It is curious to mark how distinctly the traces of its French origin have remained in the northern University. In addition to some instances in the preceding article, it is worthy of notice that the Students, and even the common people, are still familiar with such words as Bejant and Magistrand.
Can our chubby friend there, who blushes as brightly as the fresh scarlet gown in which he has gone forth to attract the gaze, more spiteful than admiring, of the untogaed schoolfellows whom he has left behind him, tell why he is called a Bejant?
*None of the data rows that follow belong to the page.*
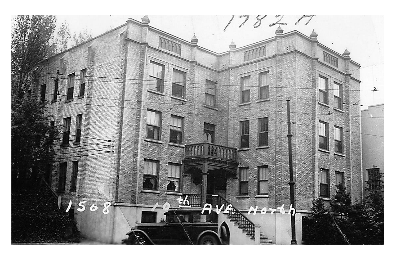
The Fairfax, 1508 10th Avenue E, 1937
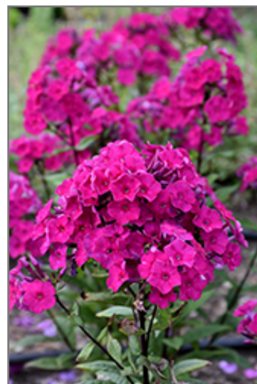
Super Ka-Pow Fuchsia Garden Phlox flowers
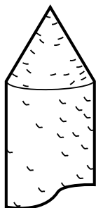
2% Thoriated Tungsten showing risk of uneven thoria distribution
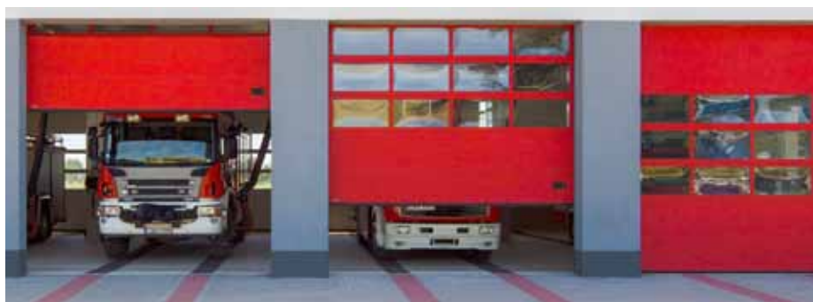
SECTIONAL DOOR K2 IA aluminium with glazed sections
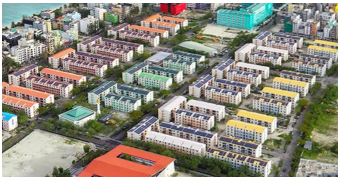
(Aerial View of the Plant)

Ducange tells us that Beanus means a new student who has just come to the academy, and cites the statutes of the University of Vienna, prohibiting all persons from cheating or overcharging the new-comers, who are called Beani, or assailing them with other injuries or contumelies. Lambecius, in the Epistolæ Obscurorum, finds Beanus in a monogram—“Beanus est animal nesciens vitam studiosorum.” We come nearer the mark, however, in France, the Bejauni frequently occurring in Bulleus’s massive History of the University of Paris. Thus, in the year 1314, a statute of the University is passed on the supplication of a number of the inexperienced youths, qui vulgo Bejauni appellebantur. Their complaint is an old and oft-repeated tale, common to freshmen, greenhorns, griffins, or by whatever name the inexperienced, when alighting among old stagers, are recognised. The statute of the Universitas states that a variety of predatory personages fall on the newly-arrived bejaune, demanding a bejaunica, or gratuity, to celebrate a jocundus adventus; that when it is refused, they have recourse to insults and blows; that there is brawling and bloodshed in the matter, and thus the discipline and studies of the University are disturbed by the pestiferous disease. It is thence prohibited to give any bejaunica, except to the bejaun’s companions living in the house with him, whom he may entertain if he pleases; and if any efforts are made by others to impose on him, he is solemnly enjoined to give secret information to the procurators and the deans of the faculties.[[141]]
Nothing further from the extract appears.